Page 34 - Studio International - August 1966
P. 34
This is the first real room. Mae I'm-no-
Angel West could have sat on this settee.
In fact it's a still from a Busby Berkeley
musical, a quiet scene away from the
dancing thousands. But the style is em-
phatically of the thirties. Or rather, not
emphatically: Upton chose the architectural
style, not for 'camp' or nostalgia or satire,
in fact for anonymity. Fashion may render
this style interesting for us, but time will
prove it anonymous. Do you suppose the
1860s thought the 1830s were 'camp'?
Fortunately we'll never know. In this
drawing a few alienation devices remain:
the collage marbling paper in foreground.

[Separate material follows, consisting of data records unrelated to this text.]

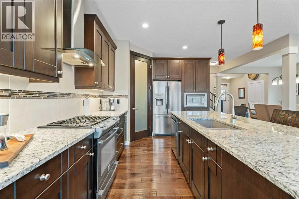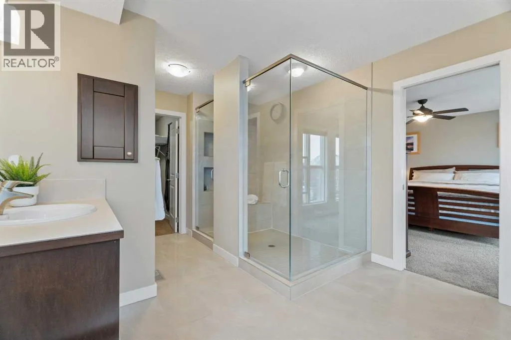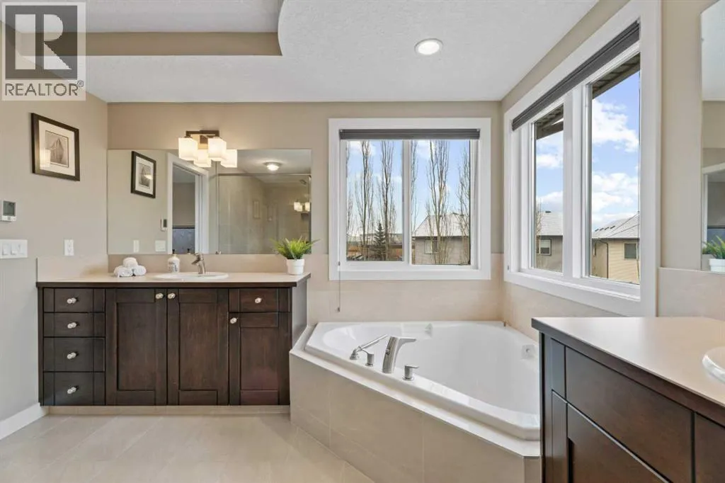 **OPEN HOUSE SUNDAY, FEB 15 12PM-2PM**Step inside this stunning family home in Calgaryâs sought after Cranston community and immediately feel the warmth and flow of a space designed for both comfort and style. Sunlight floods the open concept living area, highlighting the cozy fireplace and the seamless connection to the modern kitchen, complete with sleek cabinetry, plenty of counter space, and a bright breakfast nook perfect for casual mornings. The formal dining area is ready for family dinners or entertaining guests, while a convenient main floor 2 pce bath adds everyday ease. Upstairs, discover your private sanctuary in the primary suite, featuring a luxurious 5-piece ensuite and a spacious walk-in closet. Two additional bedrooms share a beautifully appointed 4-piece ensuite, while the second-floor family room invites endless possibilities, from a movie nights haven, to a home office, or the ultimate man cave. Even the laundry is upstairs, thoughtfully placed for convenience along with bench seating with storage, built in desk and plenty of storage. The unfinished basement, nearly 800 sq ft is a blank canvas for your imagination, envision a home theater, playroom, or fitness area tailored to your lifestyle. Step outside and enjoy the nearly .18 of an acre private backyard oasis, surrounded by mature trees and offering a fire pit and charming BBQ shack, a perfect setting for summer evenings, entertaining friends, or quiet weekends relaxing in your own space.Living in Cranston means access to a vibrant community filled with parks, playgrounds, walking paths, and proximity to the Bow River. Schools, shopping, and amenities are just minutes away, making everyday life effortless and enjoyable. This home is more than just a place to live, itâs a canvas for your familyâs memories, celebrations, and everyday joys. With ample space, modern features, and a location that truly has it all, this is the perfect home to grow, entertain, and thrive. (id:27476)
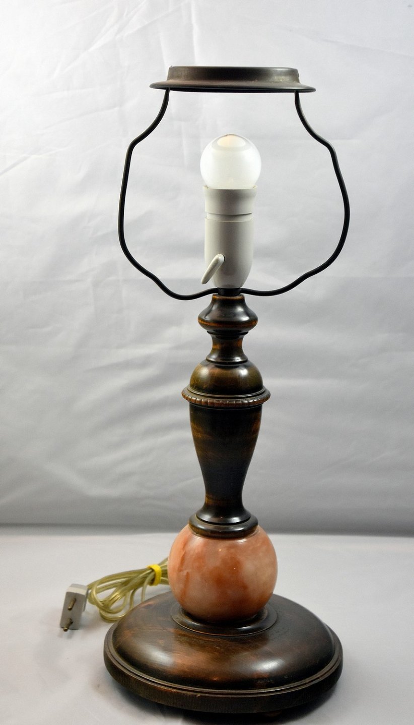 Bordlampe af træ med marmorkugle
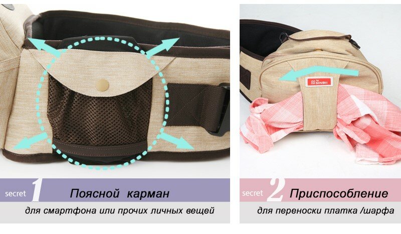 Хипсит с карманом под сиденьем, со спинкой на двух лямках, с сумкой для переноски Sinbii Premium Hipseat S-Pocket Set. Фиолетовый интересное:
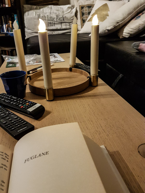 Eg har lese Fuglane av Tarjei Vesaas, ein roman som utkom i 1957. Vesaas skreiv han på nynorsk. Seinare er klassikaren publisert også på bokmål. Eg las ein nynorsk versjon, i ei samleutgåve med tre romanar av forfattaren (Gyldendal Norsk Forlag A/S 1988).
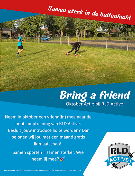 RLD Active behoudt zich het recht voor de actie tussentijds te wijzigen of stop te zetten bij misbruik of bijzondere omstandigheden.Bring your Friend to Bootcamp
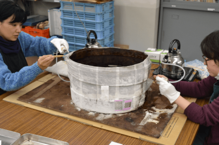 「遺物」の中には、そのまま置いておくと腐ってしまうものや壊れてしまうものもあります。例えば、乾燥すると反ったりヒビが入ったりして壊れてしまう「木器」や、逆にしっかり乾燥させておかないと腐敗(錆びる)が進行してしまう「金属器」などがそうです。
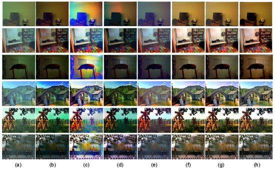 As shown in Figure 11b,c,e, the authors in [12,13,24] succeed in enhancing contrast of the recovered images and enriching the details, but they tend to over-enhance and produce reddish results. The authors in [20] can only increase the contrast of images, but fail to correct color deviation, as depicted in Figure 11d because it assumes that the attenuations of three color channels are the same, which is actually invalid in underwater environments. According to Figure 11f, the authors in [25] perform well on contrast enhancement and color correction, but it generates over-enhanced and over-saturated results when the ambient light is significantly brighter than the scene. It can be seen from Figure 11g that the results of [29] tend to have poor visibility with low contrast and hue distortion due to the inaccurately estimated transmission and ambient light. In contrast, our method produces images with natural color, enhanced contrast, and visually pleasing visibility, as illustrated in Figure 11h. Therefore, although the proposed network is trained using synthetic underwater images, it is capable of delivering more satisfactory restoration results on real-world degraded underwater images as compared to the state-of-the-art methods.
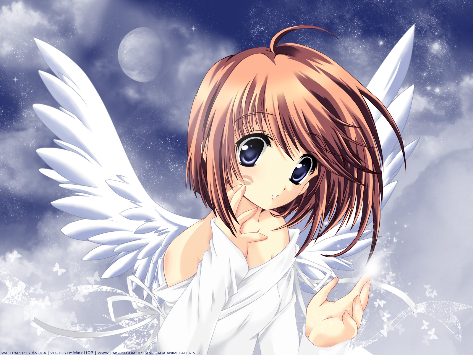 Description: A girl with angel wings in the sky with stars around her and a blue background with clouds and stars.
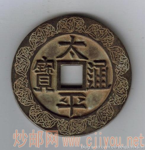 京川说,鉴于天成元宝这一形制的镇库大钱实实在在的摆在案头,包浆锈色又绝无疑点,因此,将其初步断为中国高古史上首次出现之年号超级镇库大钱。这里,以超级形制“镇库大钱”论,如果说超级大半两为“祖”,那么此品形制就应为“宗”!除非隋唐铸币亦出现如此规制之镇库大钱(泉谱所载之那枚五代十国“大唐镇库”不能相提并论)。应该是大约在隋唐之后的五代十国期间,始出现这种形制的镇库大钱,其开创了铸超级形制镇库大钱先例后,影响 深远,至后来两宋包括大辽,直至清代,连绵不绝,均受其影响。而开铸超级形制镇库大钱,长期以来因为其量稀少至极,加之入地上天之后的种种原因,便一直未得显露尊容,难以出现,从而导致史上诸谱不得有载,更无人纪实。
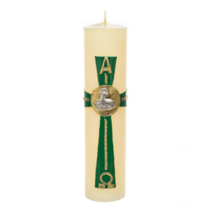 401 Vela decorada cruz color verde, modelo contemporáneo, «19.7 cm»
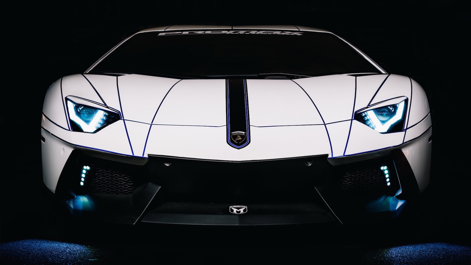 Description: A white sports car with blue lights on it's hood and headlights on it's side.
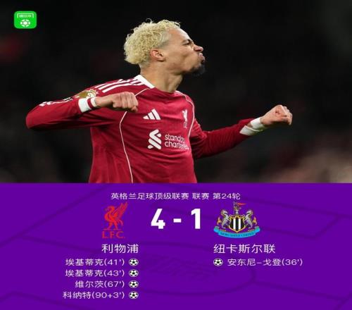 劍南春利物浦41逆轉(zhuǎn)紐卡,埃基蒂克雙響,科納特破門
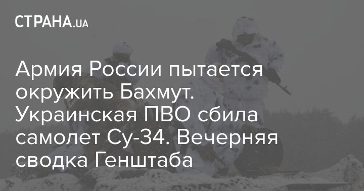 Армія Росії намагається оточити Бахмут. Українська ППО збила літак Су-34. Вечірнє зведення Генштабу

With infinite pains Upton creates the
illusion and then throws it out of the
window.
1966 Watercolour and collage
1966 Pencil and watercolour
This is not a landscape but a view of a
landscape. We are still in the room, turn
around and look through the window. We
see a landscaped lake viewed from
Monana Terrace, architect: Frank Lloyd
Wright. The dream project of 1911. The
actual source for this drawing was another
drawing by the great man's greatest
draughtsman, Marion Mahony Griffin. She
remains the only architectural draughtsman
who thought that the style of the drawing
was important beyond its descriptive
function. Upton the artist, not the architec-
tural draughtsman, has reversed the
process. For him the subject has become
important again, beyond the aesthetic
non-function of the drawing. In the
middleground do we see parallel lines, or
water? Wash. The mark on the paper is
wash, the artist puts it down clear-eyed
and steady-handed, we create the illusion
of water for ourselves and he helps us
along. We are not so far from Corot's view
of Avignon, but have been brought there
by the opposite road. Frank Lloyd Wright's
terrace is Upton's Palais des Papes—it's
just a building. The writing below is like a
frame sample, for me for one it does not
alienate the illusion, it leads the eye into it.